I came into the theatre with no expectations; I knew very little about the story and was therefore really excited to see it. After the first scene, I was a little sceptical. The dialogue was well written, the acting was good and the set fit very well, but it seemed a little ordinary. There was nothing particularly attention-grabbing. I also couldn’t figure out if that was the fault of the story, or the interpretation of it. At that point I was under the impression that this would be a story of two sisters coming together, helping each other with their issues.
It wasn’t until about half an hour in that the first plot twist came in. That is when the story stopped being simple. It became both tragic, twisted and at the same time had its comedic moments. The themes of abuse and betrayal made the play truly touching, although the amount of dramatic tension was a little too draining towards the end of the play.

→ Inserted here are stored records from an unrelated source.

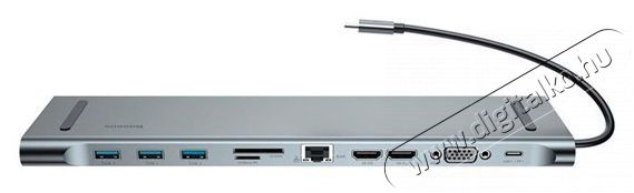 Multifunkcionális 11in1 Type-C csatlakozású dokkoló állomás széleskörű csatlakozással ellátva.
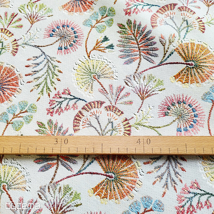 Neu im Sortiment: Gobelinstoff mit farbenfrohen Blumen. Die dezenten, aber dennoch leuchtenden Farben verleihen dem Stoff Eleganz.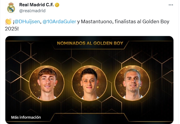 此前金球未发文,皇马祝福赫伊森、居莱尔和马斯坦托诺进金童候选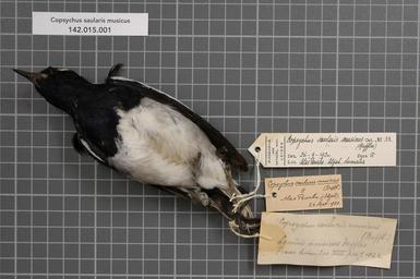 | Keywords: Naturalis Biodiversity Center - RMNH.AVES.129322 1 - Copsychus saularis musicus (Raffles, 1822) - Turdidae - bird skin specimen.jpeg artwork Dimensions artwork Document type Turdidae Copsychus Individual count 1 Infraspecific epithet musicus Infraspecific rank Institution Naturalis Kind of unit artwork Kind of unit specimen skin Life stage Medium artwork Nomenclatural code Occurrence ID page Other fields Other versions artwork Permission license Naturalis donation CC-0 Publication location Scientific name Copsychus saularis musicus Raffles 1822 Scientific name authorship Raffles 1822 male Source url http //bioportal naturalis nl Specific epithet saularis State or province Sumatra Atjeh Subject keywords artwork Subject keywords publication Title artwork Title publication Type status Uploaded with GWToolset Naturalis_Biodiversity_Center_-_RMNH AVES 129322_1_-_Copsychus_saularis_musicus_ Raffles _1822 _-_Turdidae_-_bird_skin_specimen http //medialib naturalis nl/file/id/RMNH AVES 129322_1/format/large Media donated by Naturalis Biodiversity Center Songbird specimens at Naturalis Biodiversity Center Copsychus saularis museum specimens |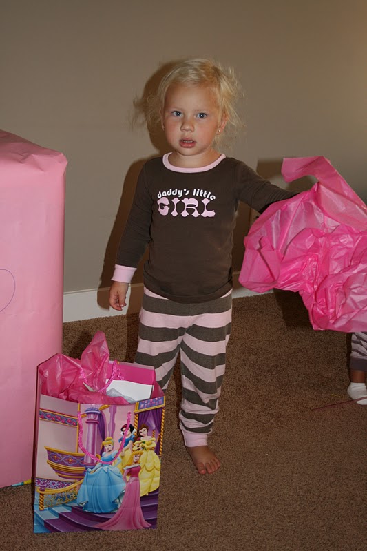 Then she opened her playhouse....which was less than climactic. ha ha she opened it and said "Oh my house!" and started playing with it. Not much fanfare! but she has been really excited whenever someone comes over to see it....and plays in in constantly so I guess that makes up for the lame reaction!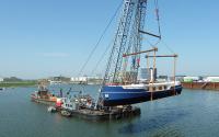 Ten slotte werd de stuurhut teruggeplaatst en kon het schip richting plaats van bestemming.
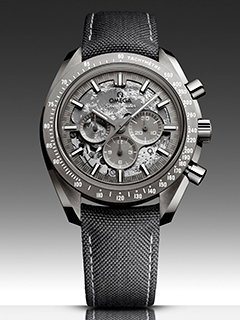 In a nod to the watchmaker’s space exploration heritage, this timepiece features a 44.25mm case in plasma-treated polished and satin-brushed grey ceramic. The bezel bears a laser-engraved tachymeter scale coated with Super-LumiNova. The mainplate and bridges of the Co-Axial Master Chronometer movement are adorned with engravings recalls the lunar surface and the caseback carries the famous quote now associated with the Apollo 8 mission: “The moon is essentially grey”.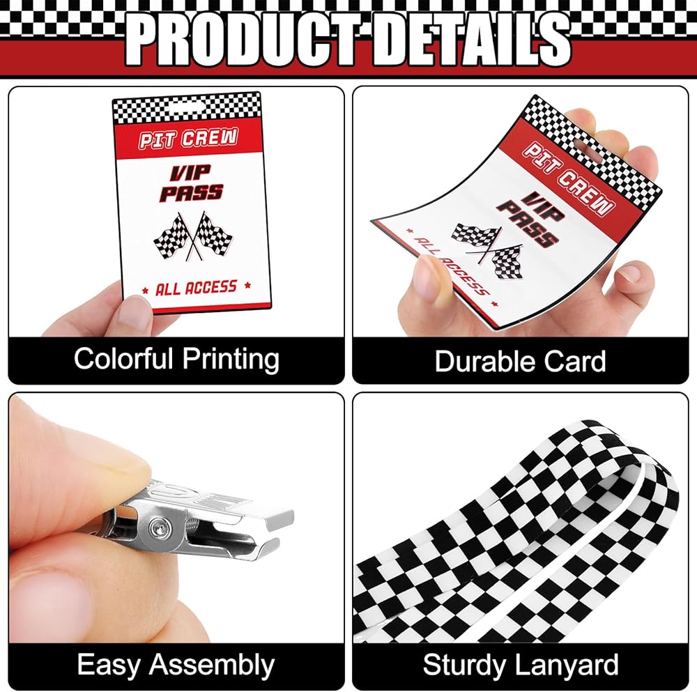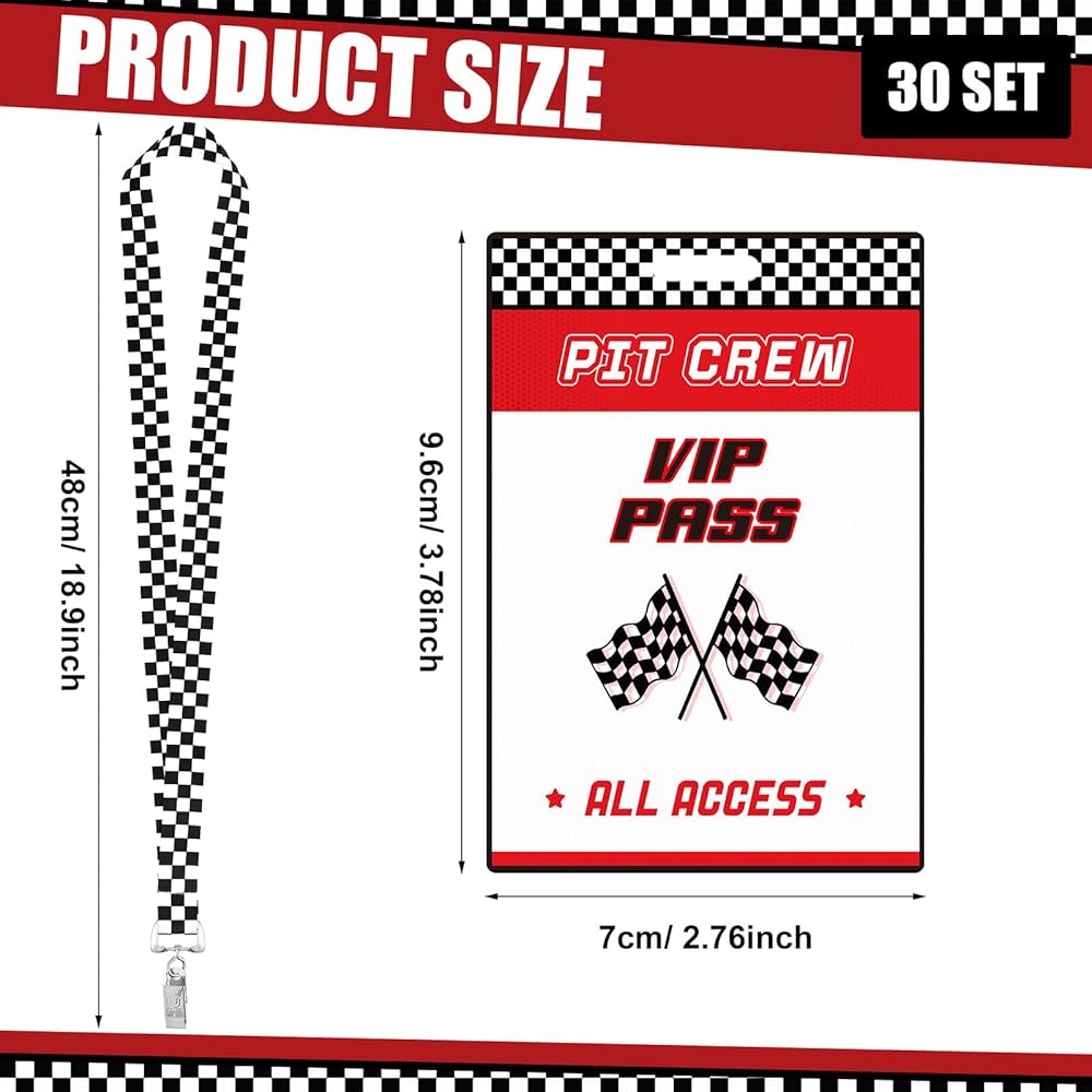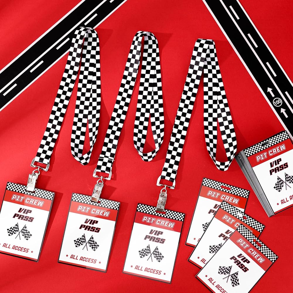 Featuring bold red tone, white and black checkered patterns and dynamic racing flag elements, these VIP pass cards with lanyards for events enhance the excitement of theme race car themed parties; The sleek design adds a vibrant atmosphere to any event.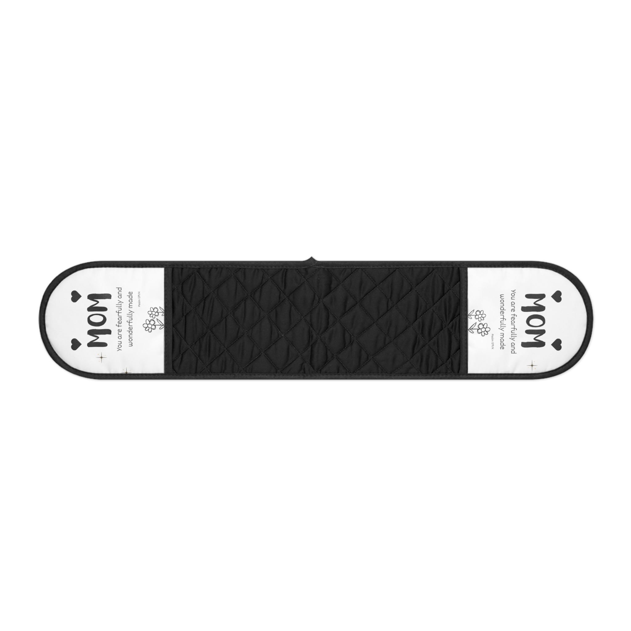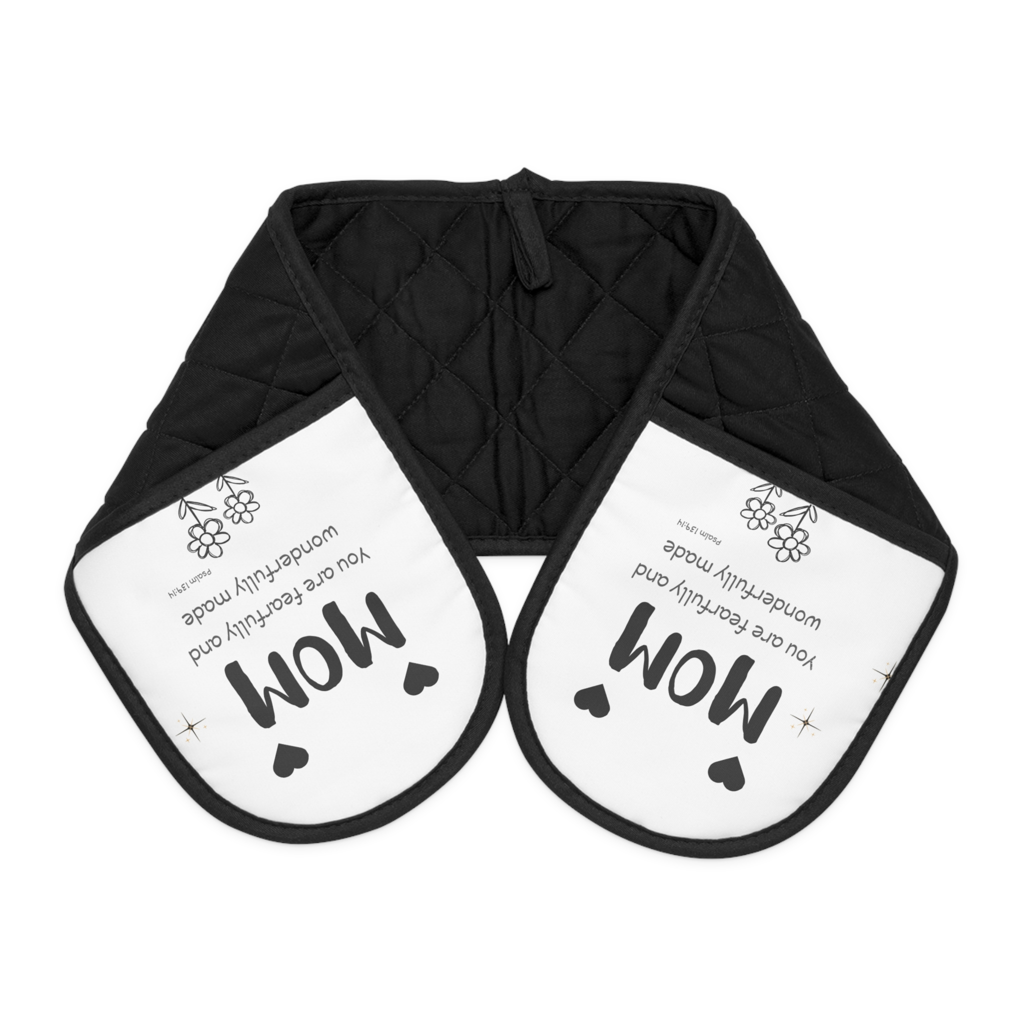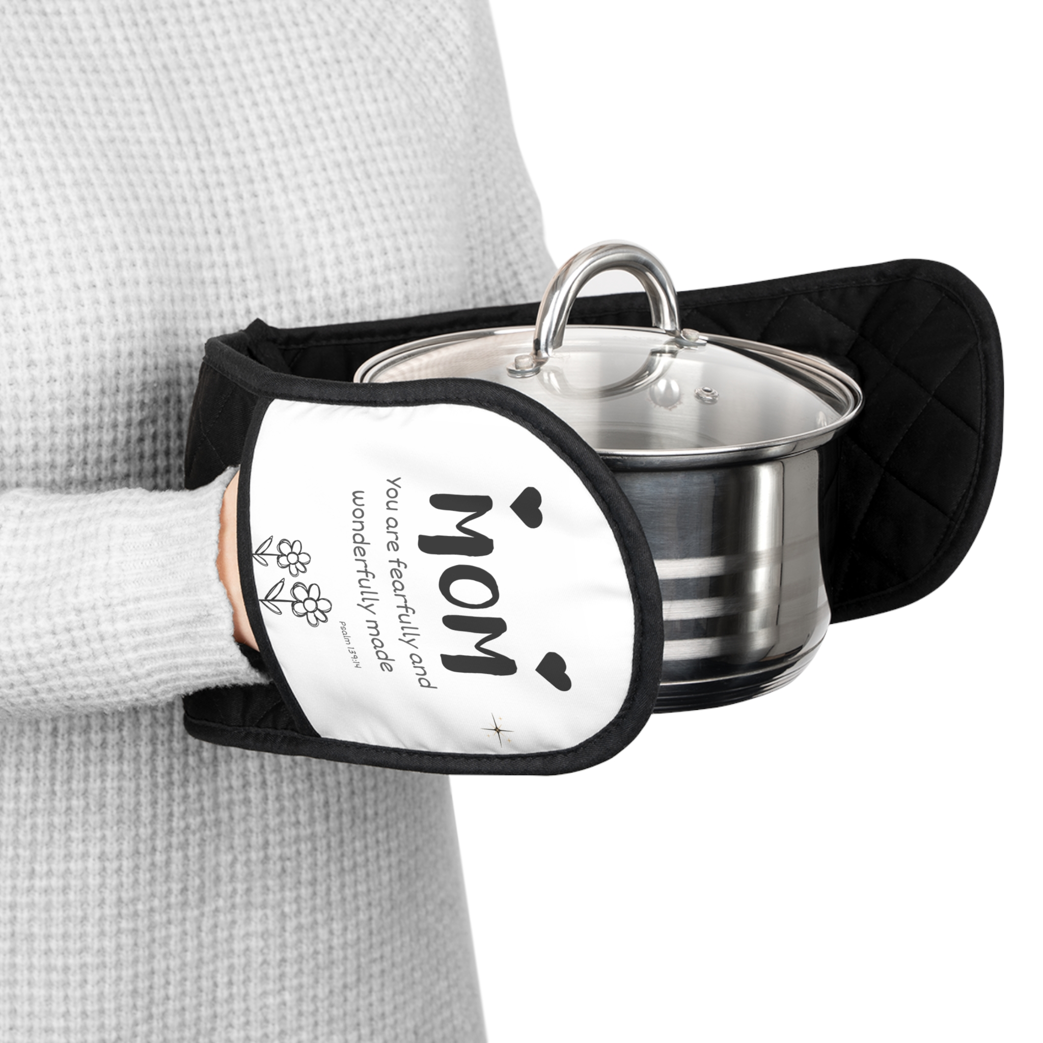 Black oven mitt crafted to be a quiet, daily reminder of love. The simple, elegant design carries the verse “You are fearfully and wonderfully made,” so every time Mom reaches for a hot pan she feels seen and cherished. The slim silhouette and soft hand invite frequent use while the verse sits like a gentle affirmation in the kitchen — a small moment of faith woven into the routine of cooking and family meals. It suits slow Sunday breakfasts, weekday dinners, and holiday baking sessions where words and warmth meet. Subtle and reverent, this mitt blends practical protection with a thoughtful message that stays close to the hands that feed the family.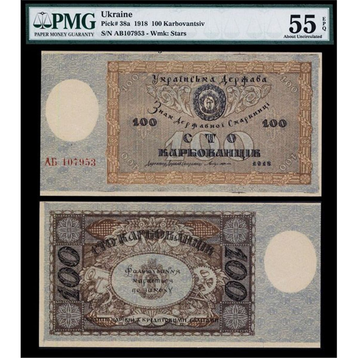 Ukraine, 1918, 100 Karbovantsiv, P-38a, Issued, Water marked stars, PMG graded About Uncirculated 58, Attractive note.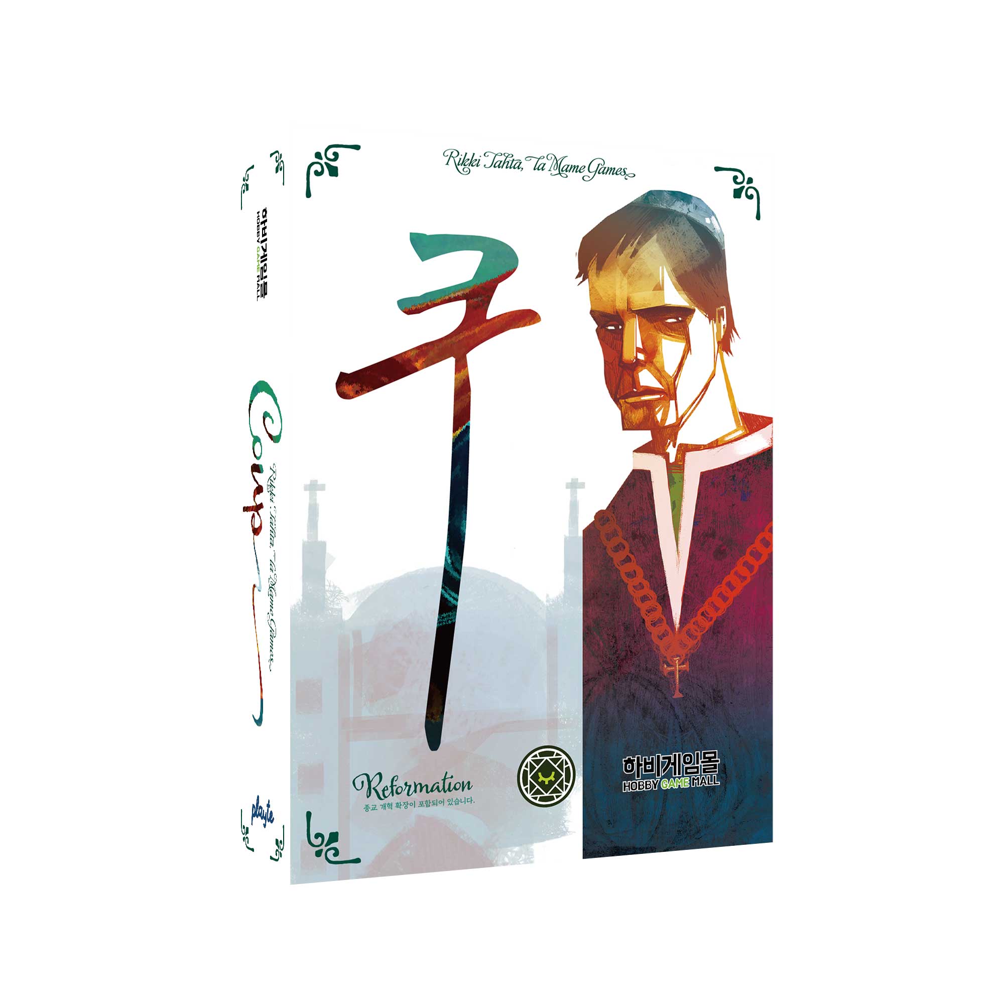 캐릭터 카드 18장, 요약카드 6장, 은화 토큰 30개, 금화토큰 6개, 종교 카드 6장, 피난처 카드 1장, 설명서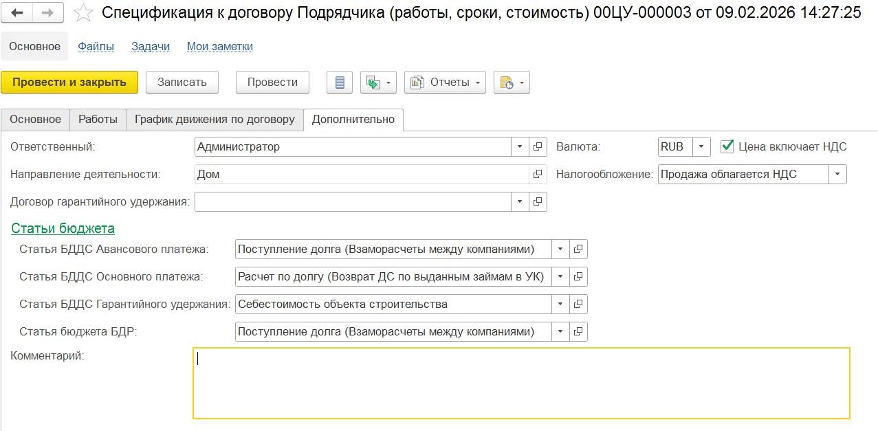 Документ «Спецификация к договору Подрядчика», вкладка «Дополнительно»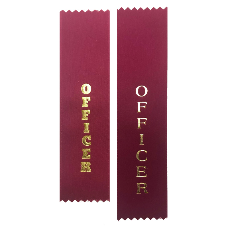 This flat award ribbon is a wine color with gold print. It comes in two styles: long (measures approximately 2″ wide by 8″ length) or short (measures approximately 2″ wide by 7″ length). It can be fastened with a straight pin or safety pin; these are not included.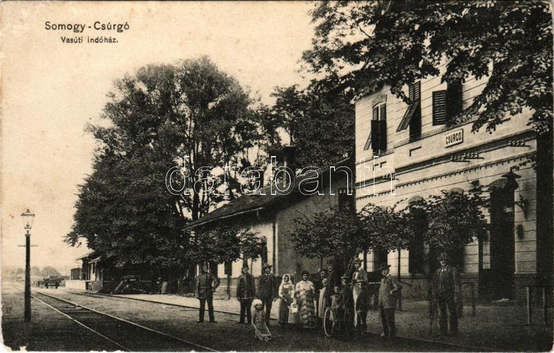 Leírás: 1909 Csurgó, Somogycsurgó; Vasúti indóház, vasútállomás. Szűcs Béla kiadása (EM)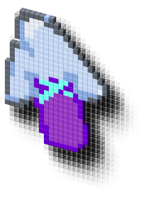 This cursor has purple, teal, and grey as its colors.
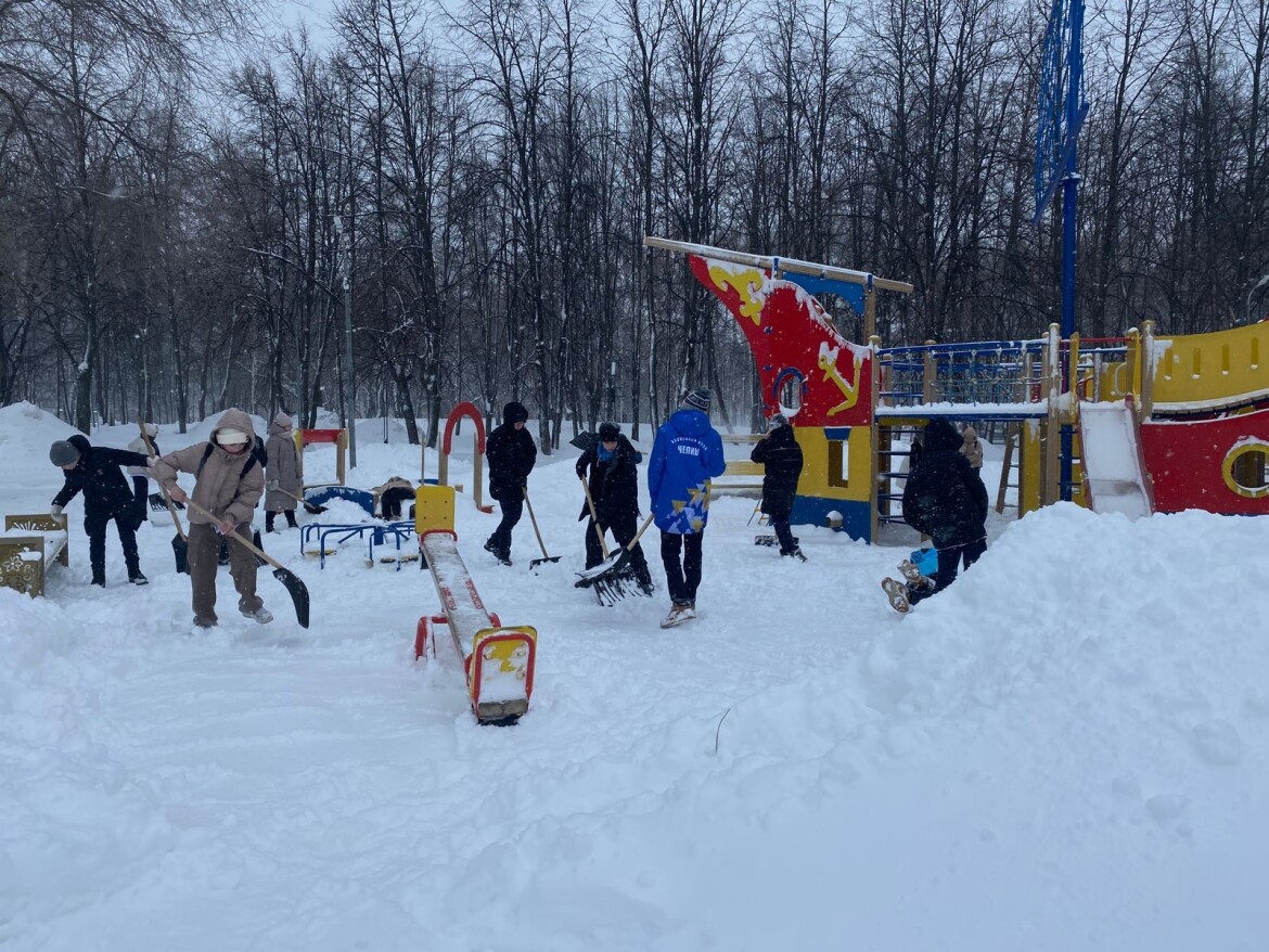 А активные жители 54/01, 27-го, 28-го, 53-го, 54-го, 64-го и 65-го микрорайонов Автозаводского комплекса вместе с представителями ТОС вышли на очистку от снега своих дворов.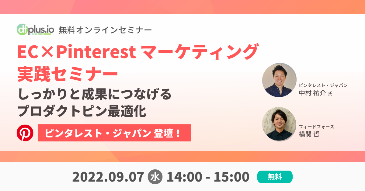 株式会社フィードフォース(所在地:東京都文京区、代表取締役:塚田 耕司、以下「フィードフォース」)が提供する、マーケターのためのデータフィード管理ツール「dfplus.io」は、無料オンラインセミナー「EC×Pinterestマーケティング実践セミナー しっかりと成果につなげるプロダクトピン最適化」を2022年9月7日(水)に開催いたします。

In terms of the performance itself, I thought it was very memorable. A part of that was due to the play itself, but overall it was very well acted: the character portrayal was realistic and relatable. I especially liked Penny Lamport’s portrayal of Miriam. What was really memorable about it was the contrast of the character and her appearance; the actress looked so adorable and sweet at a first glance, you wouldn’t expect the cruelty of her character. It was strange: I both wanted to sympathise with and hate her.
In short, I think it is a play well worth seeing. It was touching, shocking, and relatable. The cast and production team did a very good job of interpreting the play and making it into a story worth watching.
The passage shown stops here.